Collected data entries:
————

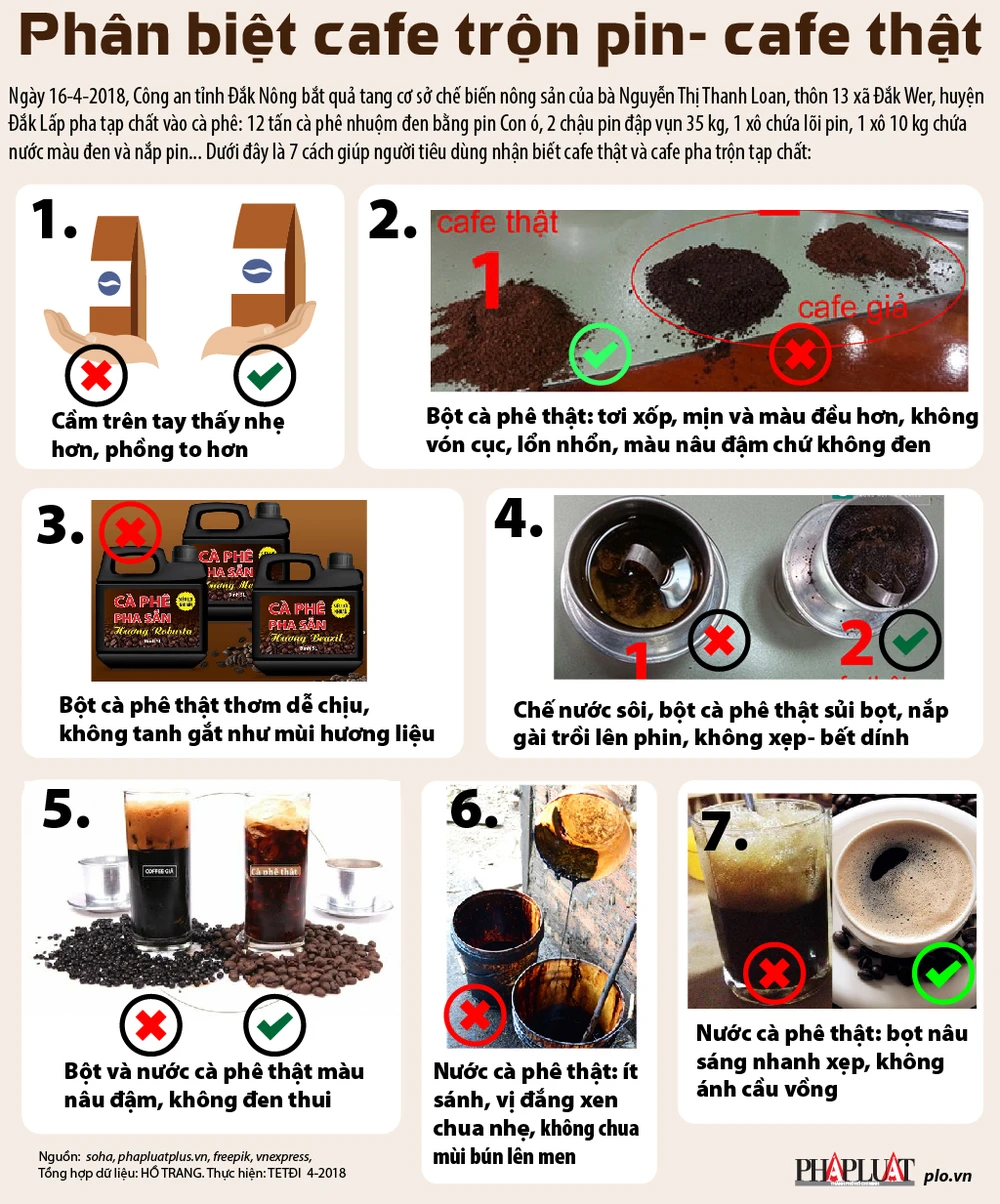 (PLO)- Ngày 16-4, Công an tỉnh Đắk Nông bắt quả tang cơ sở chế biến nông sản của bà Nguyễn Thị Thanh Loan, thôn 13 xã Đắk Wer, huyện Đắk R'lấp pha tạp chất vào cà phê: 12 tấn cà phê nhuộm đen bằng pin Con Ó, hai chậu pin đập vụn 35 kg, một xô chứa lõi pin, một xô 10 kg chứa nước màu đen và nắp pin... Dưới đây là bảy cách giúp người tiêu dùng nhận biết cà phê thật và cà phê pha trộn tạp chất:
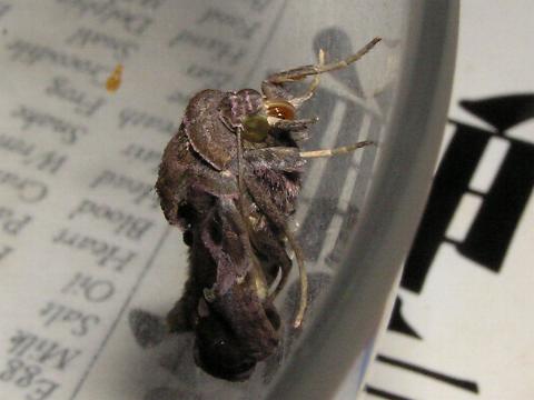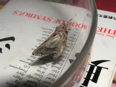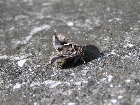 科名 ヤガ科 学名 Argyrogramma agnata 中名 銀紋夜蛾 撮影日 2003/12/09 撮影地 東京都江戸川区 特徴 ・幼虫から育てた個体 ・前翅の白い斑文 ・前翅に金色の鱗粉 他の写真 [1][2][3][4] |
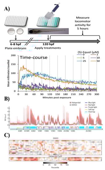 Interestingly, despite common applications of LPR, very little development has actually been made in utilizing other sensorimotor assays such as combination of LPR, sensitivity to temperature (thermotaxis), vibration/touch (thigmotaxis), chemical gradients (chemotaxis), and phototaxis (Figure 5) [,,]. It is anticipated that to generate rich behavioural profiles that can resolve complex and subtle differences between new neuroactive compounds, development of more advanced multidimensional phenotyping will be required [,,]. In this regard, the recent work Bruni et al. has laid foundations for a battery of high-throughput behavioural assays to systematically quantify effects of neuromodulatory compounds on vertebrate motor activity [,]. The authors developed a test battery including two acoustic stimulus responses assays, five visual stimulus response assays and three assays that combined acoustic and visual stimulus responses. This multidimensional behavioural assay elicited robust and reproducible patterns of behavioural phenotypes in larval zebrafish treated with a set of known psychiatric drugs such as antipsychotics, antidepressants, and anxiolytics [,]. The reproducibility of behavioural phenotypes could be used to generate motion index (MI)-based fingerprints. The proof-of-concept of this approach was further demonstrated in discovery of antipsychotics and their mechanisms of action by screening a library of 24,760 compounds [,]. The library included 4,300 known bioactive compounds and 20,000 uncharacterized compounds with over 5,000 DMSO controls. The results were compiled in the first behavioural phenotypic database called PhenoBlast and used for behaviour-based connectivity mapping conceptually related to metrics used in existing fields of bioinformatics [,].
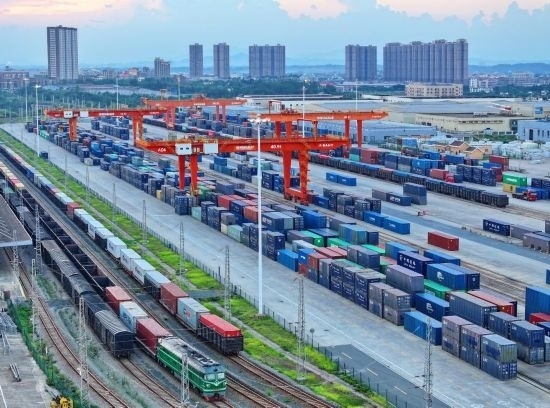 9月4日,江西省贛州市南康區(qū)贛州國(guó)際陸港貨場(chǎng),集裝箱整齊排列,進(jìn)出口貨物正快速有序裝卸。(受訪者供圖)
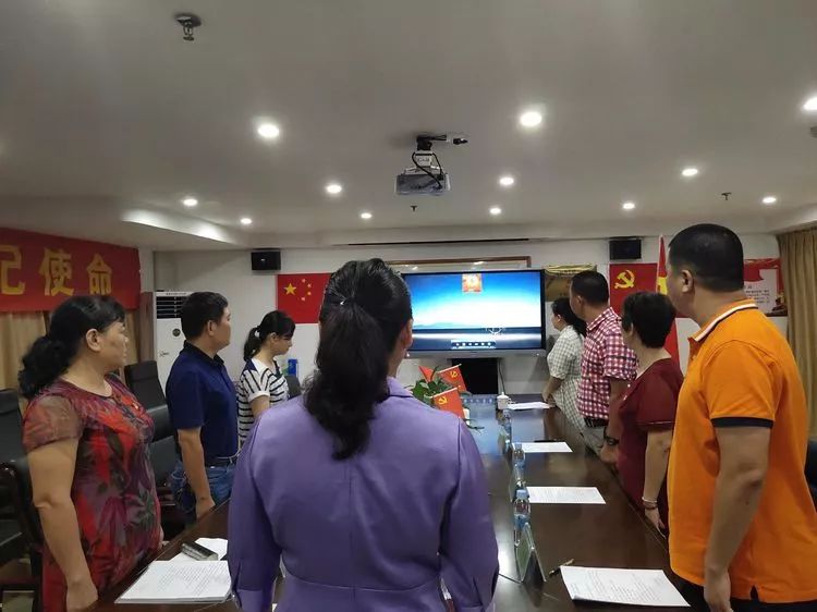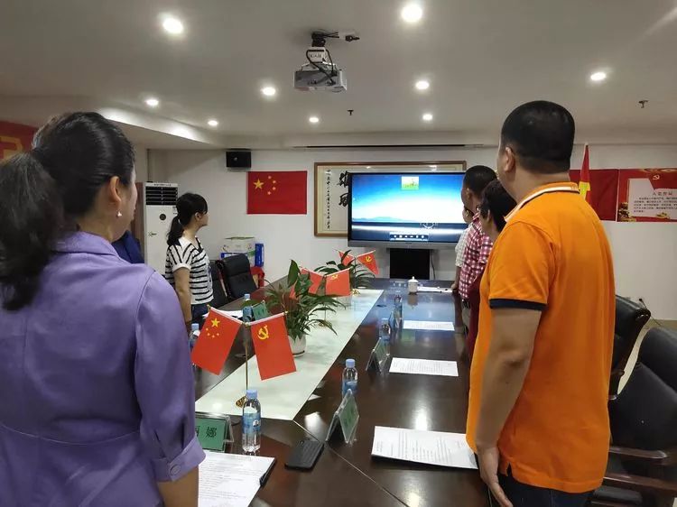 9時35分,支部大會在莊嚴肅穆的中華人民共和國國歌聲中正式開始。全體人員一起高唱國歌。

————

AIM OF THE TASK:
An exact reproduction of the data is needed, with no pictures included.

REPLY:
 (PLO)- Ngày 16-4, Công an tỉnh Đắk Nông bắt quả tang cơ sở chế biến nông sản của bà Nguyễn Thị Thanh Loan, thôn 13 xã Đắk Wer, huyện Đắk R'lấp pha tạp chất vào cà phê: 12 tấn cà phê nhuộm đen bằng pin Con Ó, hai chậu pin đập vụn 35 kg, một xô chứa lõi pin, một xô 10 kg chứa nước màu đen và nắp pin... Dưới đây là bảy cách giúp người tiêu dùng nhận biết cà phê thật và cà phê pha trộn tạp chất:
 科名 ヤガ科 学名 Argyrogramma agnata 中名 銀紋夜蛾 撮影日 2003/12/09 撮影地 東京都江戸川区 特徴 ・幼虫から育てた個体 ・前翅の白い斑文 ・前翅に金色の鱗粉 他の写真 [1][2][3][4] |
 Interestingly, despite common applications of LPR, very little development has actually been made in utilizing other sensorimotor assays such as combination of LPR, sensitivity to temperature (thermotaxis), vibration/touch (thigmotaxis), chemical gradients (chemotaxis), and phototaxis (Figure 5) [,,]. It is anticipated that to generate rich behavioural profiles that can resolve complex and subtle differences between new neuroactive compounds, development of more advanced multidimensional phenotyping will be required [,,]. In this regard, the recent work Bruni et al. has laid foundations for a battery of high-throughput behavioural assays to systematically quantify effects of neuromodulatory compounds on vertebrate motor activity [,]. The authors developed a test battery including two acoustic stimulus responses assays, five visual stimulus response assays and three assays that combined acoustic and visual stimulus responses. This multidimensional behavioural assay elicited robust and reproducible patterns of behavioural phenotypes in larval zebrafish treated with a set of known psychiatric drugs such as antipsychotics, antidepressants, and anxiolytics [,]. The reproducibility of behavioural phenotypes could be used to generate motion index (MI)-based fingerprints. The proof-of-concept of this approach was further demonstrated in discovery of antipsychotics and their mechanisms of action by screening a library of 24,760 compounds [,]. The library included 4,300 known bioactive compounds and 20,000 uncharacterized compounds with over 5,000 DMSO controls. The results were compiled in the first behavioural phenotypic database called PhenoBlast and used for behaviour-based connectivity mapping conceptually related to metrics used in existing fields of bioinformatics [,].
 9月4日,江西省贛州市南康區(qū)贛州國(guó)際陸港貨場(chǎng),集裝箱整齊排列,進(jìn)出口貨物正快速有序裝卸。(受訪者供圖)
 9時35分,支部大會在莊嚴肅穆的中華人民共和國國歌聲中正式開始。全體人員一起高唱國歌。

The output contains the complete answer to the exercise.